The Leica V-Lux 5 is based on and nearly identical to the FZ1000 II with differences only in exterior design elements, warranty, bundled software, and price.

== Focal Length ==
- 25 – 400 mm in 35 mm equiv. in 3:2 for stills (Full Sensor and Full Zooming Range)
- 26 – 416 mm in 35 mm equiv. in 16:9 for stills
- 26 – 416 mm in 35 mm equiv. in 16:9 video recording, O.I.S. Off
- 28 – 448 mm in 35 mm equiv. in 16:9 video recording, O.I.S. On
- 37 – 592 mm in 35 mm equiv. in 4K video recording (using the center of the sensor with 3840 × 2160 pixels.)

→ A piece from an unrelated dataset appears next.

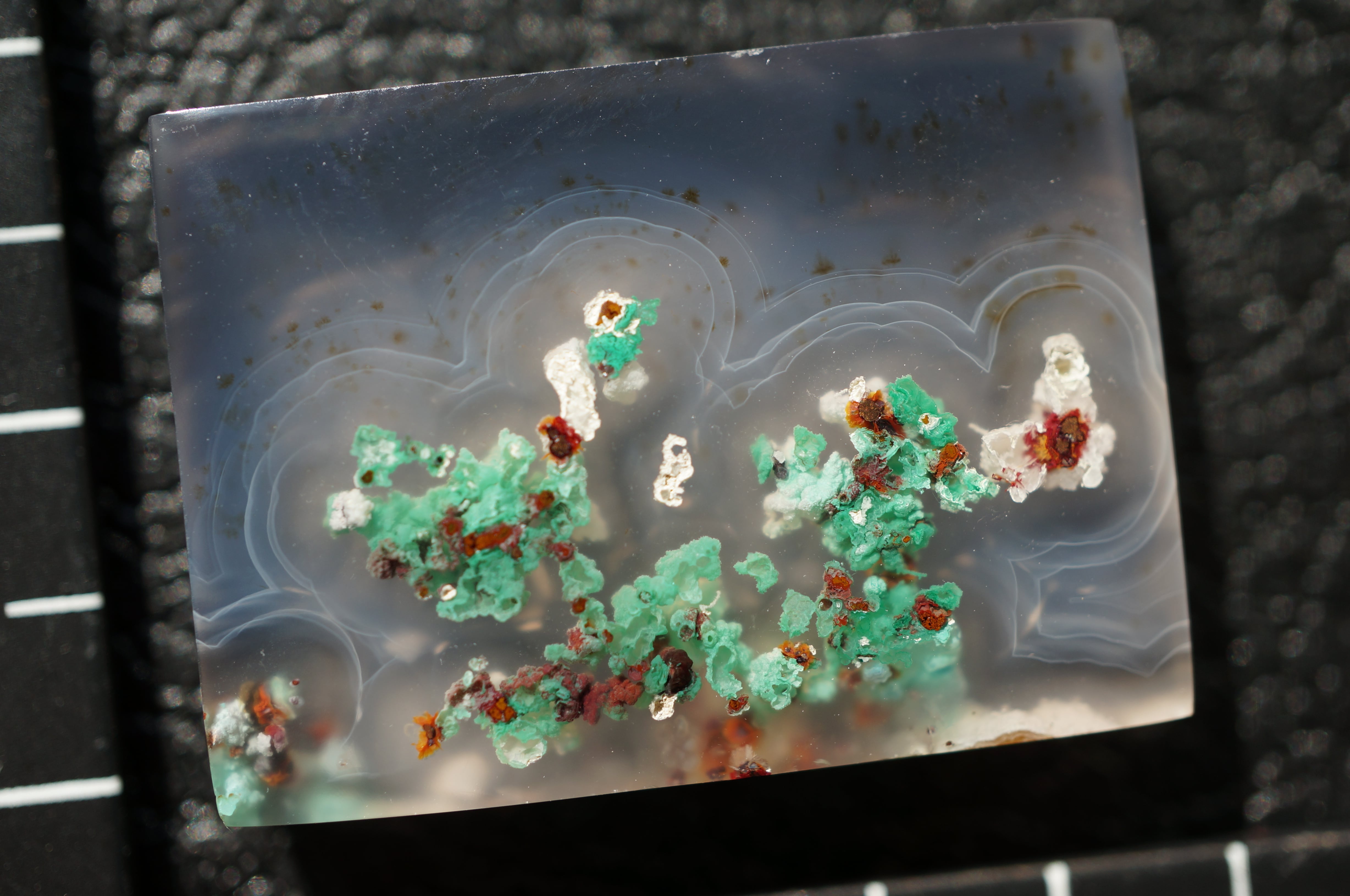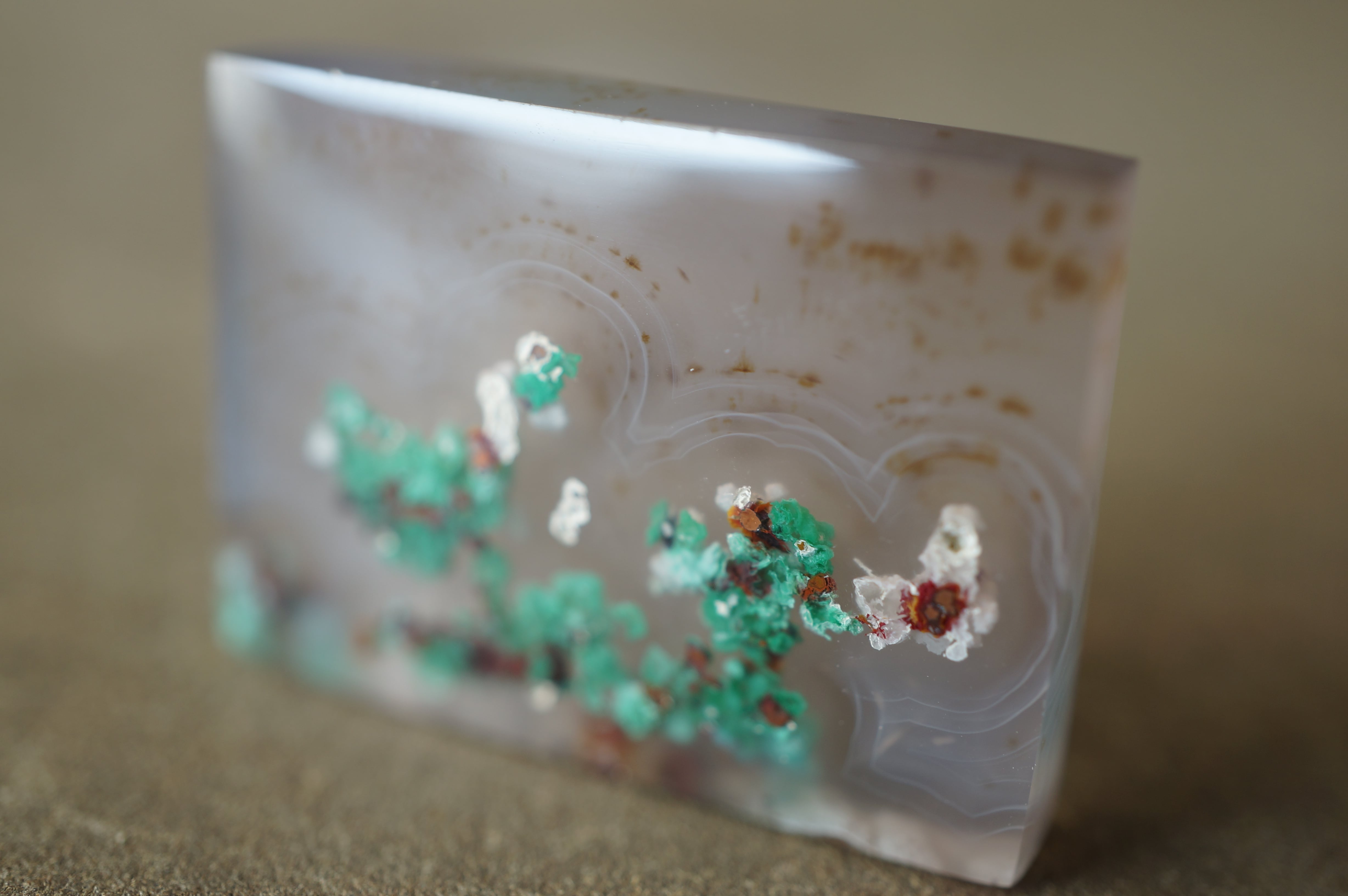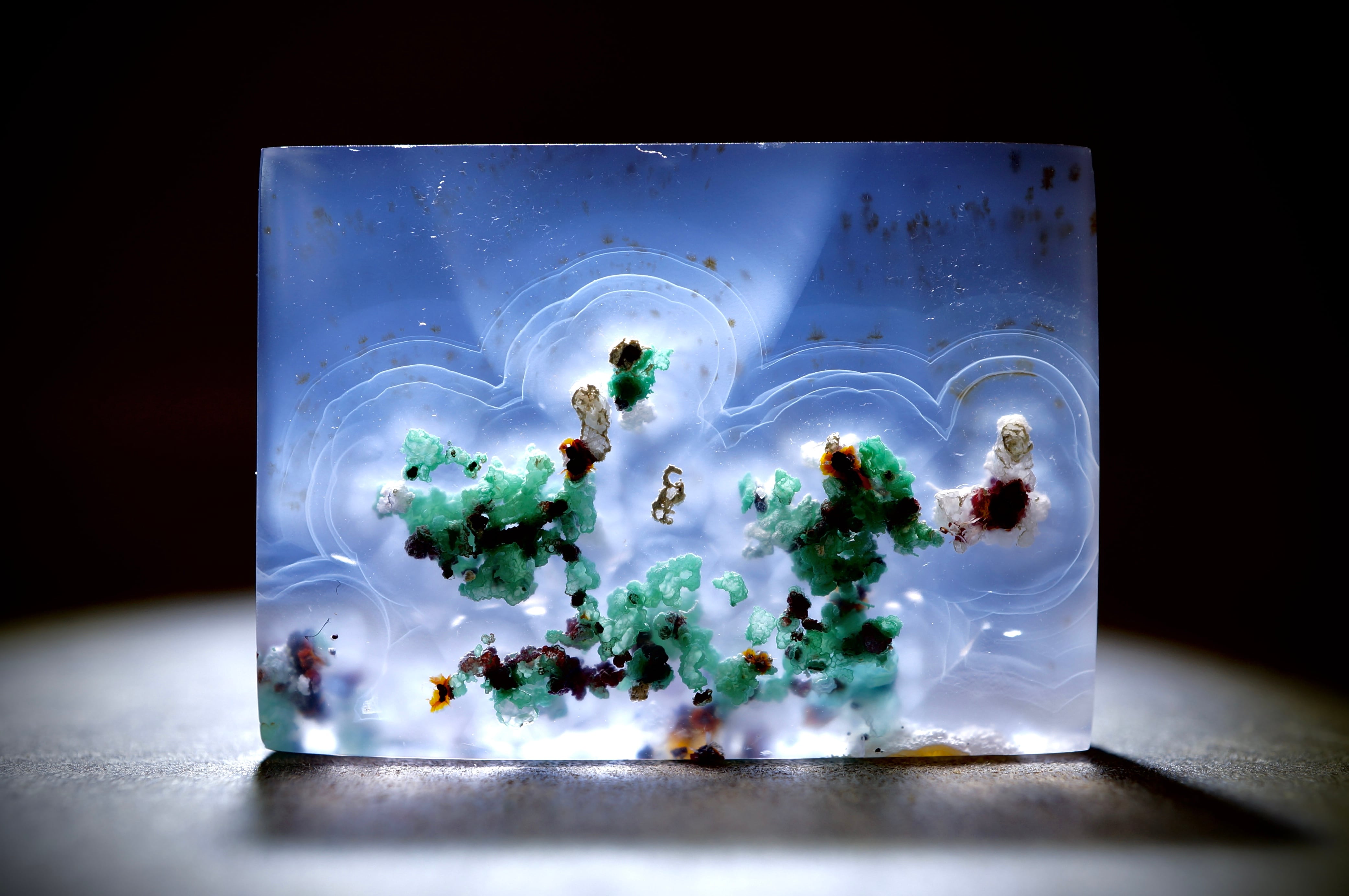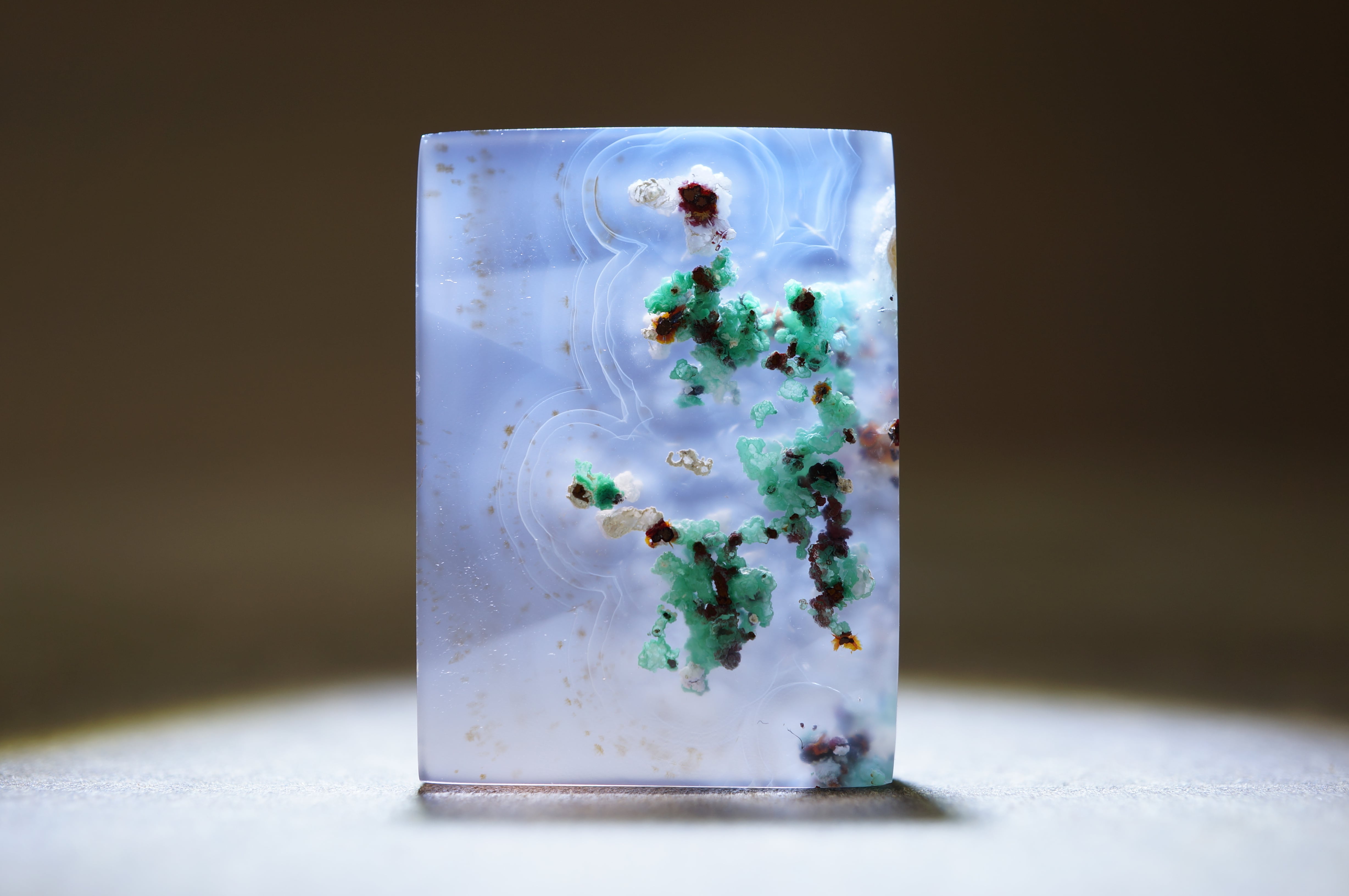 層状に重なるカルセドニーのバンディングは、空気の層のように淡く広がり、その奥に内包された粒子は、距離の異なる複数の面に分かれて現れます。

== Optical image stabilization ==
The FZ1000 is equipped with a 5-axis optical image stabilization. However, it is deactivated while recording in the highest available resolution, 2160p 4K.

== Burst Shot ==

The FZ1000's burstshot mode can record up to 12 JPEG pictures per second with full resolution at highest selected burst speed. There are four different burst speeds to choose from. The second-highest speed can capture photos continuously, but if the burst memory is full and the memory card cannot keep up, it will slow down automatically.

== High-speed video ==

Prior to official release, the Lumix FZ1000 was originally announced as being able to record slow-motion in the following resolutions and framerates:
- Full HD 1920×1080: 100 or 120 fps
- HD 720p 1280×720: 200 or 240 fps
- 640×360: 300 or 360 fps

But the firmware currently only allows to record FullHD at 120 fps.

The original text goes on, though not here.